In our judgment, this contract could have been performed in one year and so, is not within the Statute of Frauds.
With respect to defendant's contentions that the verdict is contrary to the manifest weight of the evidence, and that there was no contract because of mutual mistake, we cannot agree. Defendant contends that this case is controlled by Peaslee v. Glass, 61 Ill. 94, where the court found that the plaintiff's uncorroborated testimony was contradicted by the defendant and the defendant's testimony was supported by unimpeached witnesses. Such is not the situation in the case at bar. Here two persons testified as to their versions of an oral contract. If there was a mutual mistake, this, as well as the existence of a contract, was to be determined by the trier of the fact, under proper instructions. The verdict is not contrary to the manifest weight of the evidence. Here, the jury was in a superior position to evaluate the witnesses and its judgment can be supported by the evidence. We observe that in support of the verdict, plaintiff's testimony as to the agreement was positive whereas defendant was unable to recall what the pay arrangement had been and the defendant had paid the plaintiff two different amounts in as many years. Also, one of the exhibits, closest to the issues could reasonably have been understood to have supported plaintiff's version. The jury's verdict is not contrary to the manifest weight of the evidence and factual questions including mutual mistake and weight of the evidence have been satisfactorily concluded.
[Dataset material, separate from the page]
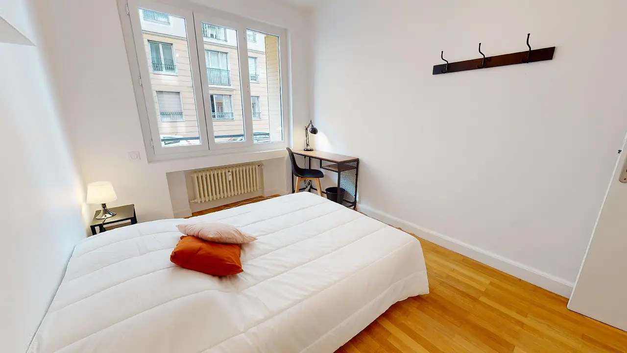 Cette colocation comporte donc 4 chambres toutes entièrement équipées et fonctionnelles à la décoration moderne. Ces chambres sont équipées avec des lits doubles, des bureaux, des chaises et des rangements.

Finally, it is contended that the court erred in failing to admit in evidence the plaintiff's original complaint. Defendant sought to prove by cross-examination of the plaintiff that plaintiff's first complaint had asserted rights contrary to those urged under his amended complaint. The following occurred:
"Q. Did you ask your attorneys to say in the original complaint that is filed in this case: `That although often requested so to do, Defendant has failed, neglected and refused to give to Plaintiff the stock in Defendant Company for the sum of $5,866.00?'
"A. I object. The original pleadings were made in this case by our office and sent to him and he asked us to straighten out certain matters which we had wrong and I don't believe that it is competent evidence in this case. Had he signed it, it would be a better point.
"The Court: I think that is true, Mr. Holmstrom."
Unfortunately, this point was not properly preserved for consideration on appeal. There was never any offer of the complaint in evidence, and absent such an offer and ruling by the court, no assignment of error can be made. Defendant, continually refers to the court's error in failing to admit the complaint although the court was never requested to do so.
In Ragen v. Bennigsen, 10 Ill. App.2d 356, 135 N.E.2d 128, in discussing a similar situation, the court said, "There could be no refusal to admit that which has not been offered, and counsel cannot by engaging in a mere conversation with the court, even though it may relate to procedure, or by merely stating what he desired to do, get a ruling by the court upon which he can predicate error. Chicago City Ry. Co. v. Carroll, 206 Ill. 318, 328."
There was never an offer of the complaint and without an offer, and a ruling, no assignment of error is available.
The judgment of the Circuit Court of Winnebago County is affirmed.
CROW, P.J. and WRIGHT, J., concur.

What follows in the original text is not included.